Jun 3, 2020
Hand Rehab after Stroke: The Top 5 Evidenced-Based Methods

After a stroke, it’s challenging enough to navigate the medical system to find what services you need, let alone the right treatment approach for you.

You've probably heard a lot of recommendations on how to recover hand function after stroke, and everyone seems to give different advice. That's why we sifted through the research for you. We'll explain the top 5 evidence-based methods for hand rehabilitation, why they work, and who they work for.

The top 5 evidence-based treatments for improving hand function after stroke:

  1. Constraint‐induced movement therapy (CIMT)
  2. Mental practice
  3. Mirror therapy
  4. Virtual reality
  5. High dose repetitive task practice

Constraint-Induced Movement Therapy

Unaffected arm wearing oven mitt for at-home constraint therapy.
You can restrict your unaffected side at home by wearing an oven mitt or placing it inside your pants or sweatshirt pocket. This will help remind you to rely on your affected side when completing therapy tasks.


What it is:

Constraint-Induced Movement Therapy (CIMT) is a neuro-rehabilitation method where the non-affected hand is constrained or restricted in order to force the brain to use the affected hand, thereby increasing neuroplasticity.

There are two key components: constraint and shaping.

Constraint refers to the way in which the hand is restricted. Therapists have used casts, splints, and mitts to restrict the use of the non-affected hand. None of them have been shown to be more effective than the other.

Shaping involves repetitive movements or activities at the patient’s ability level which become progressively harder. Therapists use shaping techniques to avoid overwhelming the motor system.

Why it works:

Our brain automatically completes a task in the easiest way possible. Our brain is more interested in completing a task than in how it is accomplished.

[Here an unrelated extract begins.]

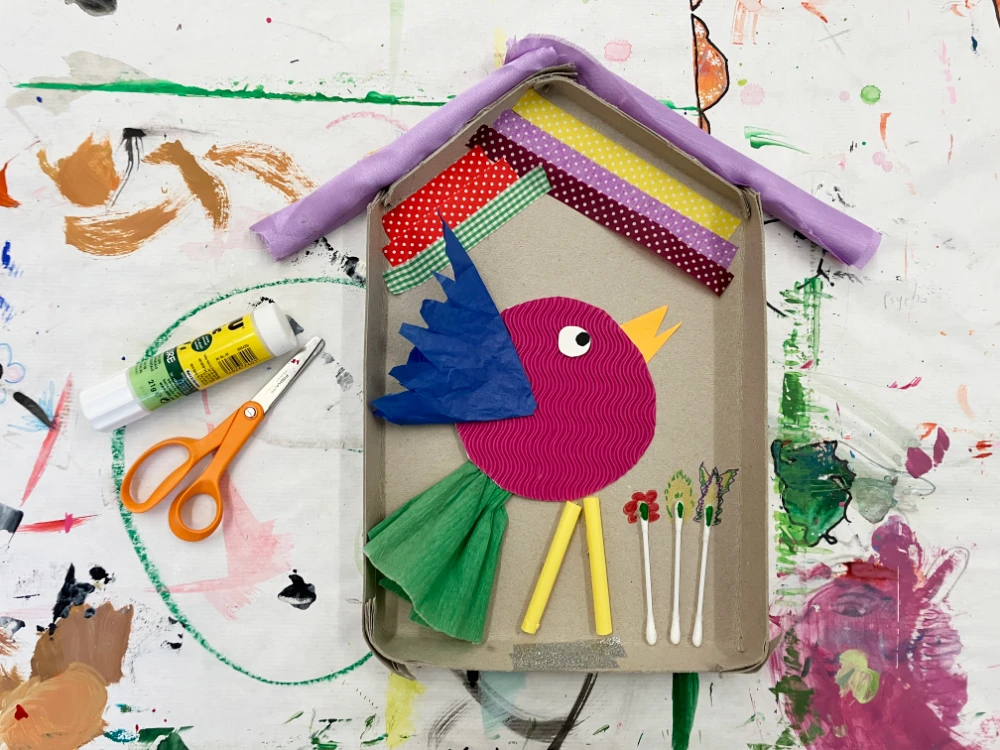 Gemeinsam gestalten wir wie „Birdman“ fantasievolle Vögel aus Papier und Buntstiften. Jedes Vogelwesen bekommt ein kleines, schützendes Häuschen, das vor Regen oder Gewitter bewahrt. Mit Karton, Farbe und Schere sammeln wir kreative Erfahrungen und erschaffen einzigartige Vogelnester.

After a stroke, it’s easier for our brain to do tasks one-handed. This leads to “learned non-use”.

When we constrain our non-affected hand, suddenly our stronger hand becomes the weaker, less functional hand and we’re forced to use our affected hand. Our affected hand might not have much movement, but to our brain any movement is better than no movement, and the brain is highly motivated to figure out how to accomplish a task.

This is where the "shaping" piece is so important. If you are presented with rehab tasks that overwhelm the motor system or are higher level than your affected hand can functionally do, you'll be more likely to knock the table over than to participate in picking up pennies from the table.

If you knock the table over with your affected hand, your occupational therapist might actually be excited about it; but in practical life finding that balance of not being too easy and not being so hard that you give up is an important lesson for every human being, not just those after stroke.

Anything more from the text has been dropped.